/ai-knn-kmeans-crawler-python

This repository contains code for a program that scrapes through the pages of Indeed, IEEE Job Search, and ACM Job Search and displays the most relevant jobs based on the keywords provided. Also clusters them using k-means algorithm (LLoyd's algorithm).

Primary LanguagePython

About Program

The program scrapes through the pages of Indeed, IEEE Job Search, and ACM Job Search and displays the most relevant jobs based on the keywords provided.
It also performas K-Means clustering on the obtained results.
The job results and clustering results are displayed as a HTML output.

Setting up Python environment:

The program uses a 3rd party library known as beautifulsoup4. Run the below command to install.
pip install beautifulsoup4

How to run:

Kindly execute the program using the following steps:

1. Open terminal and navigate to the path containing the 3 Python (.py) files mentioned in the previous section.

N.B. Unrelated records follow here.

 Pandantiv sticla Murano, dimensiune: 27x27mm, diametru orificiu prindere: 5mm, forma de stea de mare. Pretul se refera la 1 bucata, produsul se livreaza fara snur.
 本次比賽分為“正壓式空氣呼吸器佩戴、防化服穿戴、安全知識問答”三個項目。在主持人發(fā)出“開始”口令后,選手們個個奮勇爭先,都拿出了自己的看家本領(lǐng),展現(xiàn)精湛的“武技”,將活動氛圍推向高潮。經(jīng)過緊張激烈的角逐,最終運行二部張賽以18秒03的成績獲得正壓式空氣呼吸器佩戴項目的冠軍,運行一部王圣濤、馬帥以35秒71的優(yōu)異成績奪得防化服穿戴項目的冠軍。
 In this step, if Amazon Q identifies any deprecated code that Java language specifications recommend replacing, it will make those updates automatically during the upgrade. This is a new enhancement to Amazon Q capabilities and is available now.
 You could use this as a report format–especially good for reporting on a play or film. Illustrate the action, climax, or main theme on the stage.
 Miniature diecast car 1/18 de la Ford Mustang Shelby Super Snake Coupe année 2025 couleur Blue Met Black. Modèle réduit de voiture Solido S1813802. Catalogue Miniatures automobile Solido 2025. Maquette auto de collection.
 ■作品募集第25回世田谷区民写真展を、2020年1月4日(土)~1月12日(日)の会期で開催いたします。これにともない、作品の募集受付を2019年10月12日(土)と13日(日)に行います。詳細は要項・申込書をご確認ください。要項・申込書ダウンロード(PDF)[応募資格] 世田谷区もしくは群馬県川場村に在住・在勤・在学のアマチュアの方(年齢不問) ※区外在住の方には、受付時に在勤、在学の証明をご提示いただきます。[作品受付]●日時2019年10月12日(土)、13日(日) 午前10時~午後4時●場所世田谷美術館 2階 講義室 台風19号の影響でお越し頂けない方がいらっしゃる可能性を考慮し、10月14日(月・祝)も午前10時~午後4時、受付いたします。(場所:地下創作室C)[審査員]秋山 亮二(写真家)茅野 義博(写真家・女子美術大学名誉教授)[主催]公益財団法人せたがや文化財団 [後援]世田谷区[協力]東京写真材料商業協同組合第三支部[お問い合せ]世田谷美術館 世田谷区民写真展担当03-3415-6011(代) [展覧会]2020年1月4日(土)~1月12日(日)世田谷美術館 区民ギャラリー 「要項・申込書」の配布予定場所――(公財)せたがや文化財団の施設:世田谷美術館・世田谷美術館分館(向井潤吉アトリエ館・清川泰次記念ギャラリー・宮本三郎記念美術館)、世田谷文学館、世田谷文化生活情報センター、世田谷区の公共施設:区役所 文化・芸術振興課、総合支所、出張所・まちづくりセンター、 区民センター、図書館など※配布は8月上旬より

2. Execute the following command:
python job_search_cli.py -keywords <keywords> -k <value_of_k>

-keywords: Specifies the keywords for job search, separate each keyword by a space.
-k: Specifies the value of k


Example commands: python job_search_cli.py -keywords python "machine learning" -k 3

python job_search_cli.py -keywords sql san jose -k 3

You may also run the following command to get more information about the command line arguments:
python job_search_cli.py --help

Note: After displaying the results, the program gives option to do a new search, repeat the search, cluster the previous search, or exit. Kindly choose the desired option accordingly.\